If Only I Could Switch My Mum Off!
by Eloise Schaw Miller, aged 8
2012 BRONZE WINNER - 9 Years & Under
Listen to the BBC Radio Drama Company read 'If Only I Could Switch My Mum Off!'
"Turn that TV off!" bellowed Mum. "it's time to do your homework. Where's the remote control?" I was right in the middle of Tracy Beaker and really wanted to watch it . There were only ten minutes left.. I had all weekend to do my homework. I thought, 'You are the most annoying MUM in the whole world'. As I grabbed the remote control before my Mum did, the wicked thought flashed through my mind. "I wish I could switch my Mum off."
I pointed the remote at her. Suddenly I pressed PAUSE.. I glanced at my Mum. She was opening her mouth to say something and she paused. Her mouth was shaped like an oval and she didn't say anything. I waited and blinked to check my eyes weren't playing tricks on me. Her mouth was still like an oval. I could have put a big sweet in her mouth.

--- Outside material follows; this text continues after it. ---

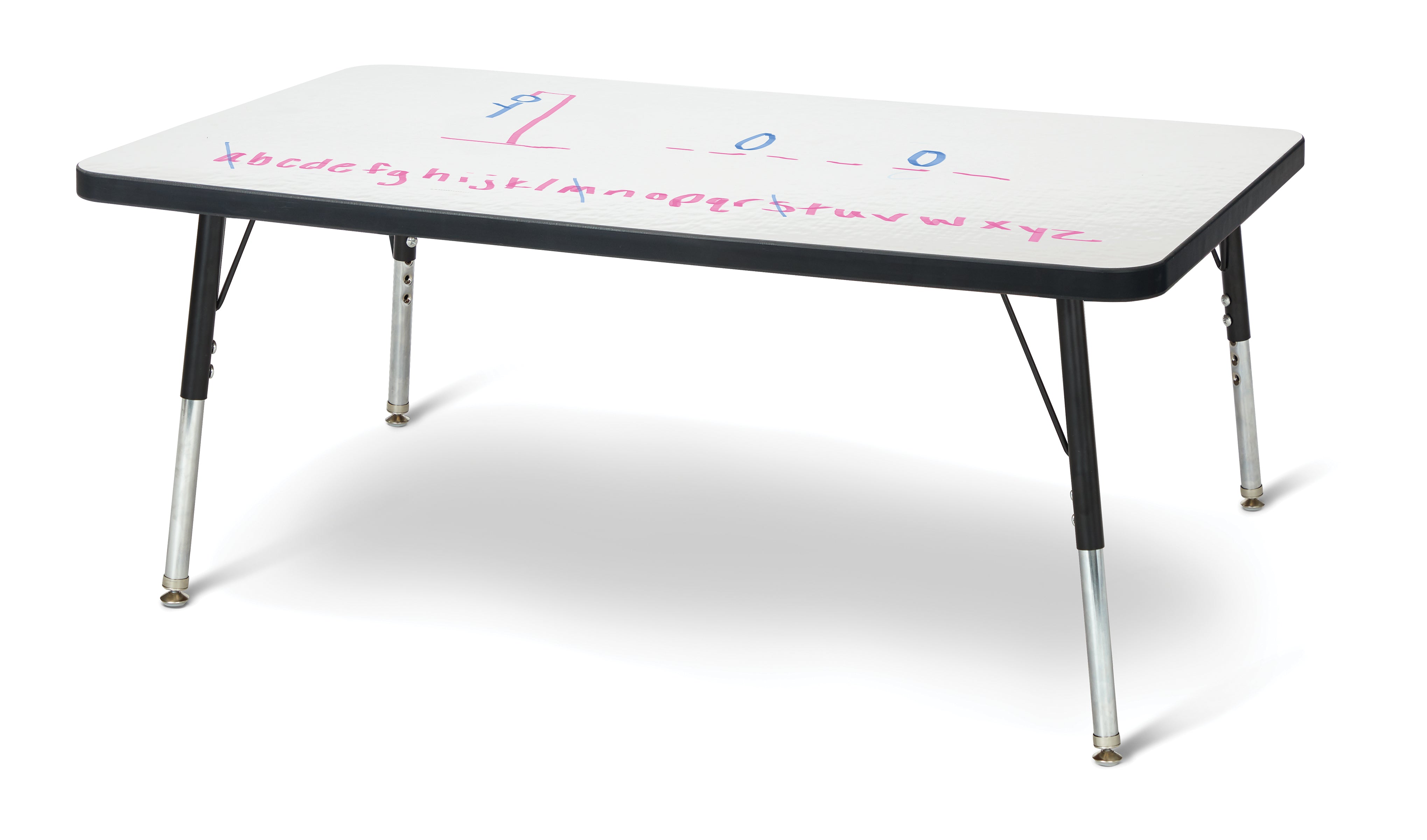 Finally a table where kids can draw directly on it! This markerboard table feature a Write-n-Wipe surface that encourage kids of all ages to get involved. The whiteboard tabletop makes it easy for children to take notes, draw, or even collaborate with others. With a high-pressure laminate surface, you can be sure that the dry erase surface will stand up to some heavy-duty learning. It’s stain resistant and features our famous TRUEdge in a rich black color. Comes with black legs containing glides that reduce noise, prevent snags, and resist rust. Accommodates 2-6 chairs.KYDZSafe edges. KYDZStrong construction. TRUEdge. Quick mount legs with minimal assembly. Available with standard or mobile legs. Upper leg powder coated. Thermally Fused Laminate tabletops 1-1/8â thick. High-pressure laminate Write-n-Wipe surface. Standard legs available in Tiny, Elementary and Adult heights. Helpful Hint: Most children require elementary size tables tiny tables typically fit children just 1 to 2 years old. Adjusts from 15" to 24" high. See cleaning recommendations at www.jonti-craft.com/cleaning.Product Height (inches):15-24Product Width (inches):36Product Depth (inches: 24

I carried on watching Tracy Beaker as if nothing had happened. My Mum just stood there. Her eyes looked really angry but she didn't say anything or move. The programme finished. She still didn't move. I wondered what would happen if I changed channel. We changed to Horrid Henry and turned the volume up. My Mum said 'Nah, nah, nah, nah, nah,'. Perfect Peter started talking and Mum looked angelic and smiled. Then I got bored. So I put her on Pause again. She stayed there with a smile glued on her face.
This was a chance. I could eat chocolate. I could wear Mum's lipstick. I could go to the shop on my own. I could drive her car. I couldn't believe that Mum wasn't even stopping the thoughts in my head. I went down to the kitchen and helped myself to the crispy mint chocolates left over from Christmas. I raced to my parents bathroom and smudged Mum's special Chanel lipstick onto my lips. I sprayed her perfume in the gold bottle onto my neck, like Mum does. I smelt like daffodils.
I went back down to the sitting room to check on Mum. She still had that grin on her face but her eyes looked even angrier. She looked like twins in different moods but in one person. She was still on Pause , but I was worried if I pressed Play she would come back to her normal self, but much angrier. She could see the lipstick and chocolate on my face. I closed my eyes tight.
Suddenly I thought, I could switch the whole remote off. What would happen? My Mum might even disappear. I could watch any programme . I looked at the clock and realised I had a party at 12.00. How would I get there? I thought abut school. How would I get there.? I then thought about hugs, Where would these come from? I thought about Mum warm in bed. Who would cuddle me?
I pressed PLAY, and turned the volume down as low as it would go.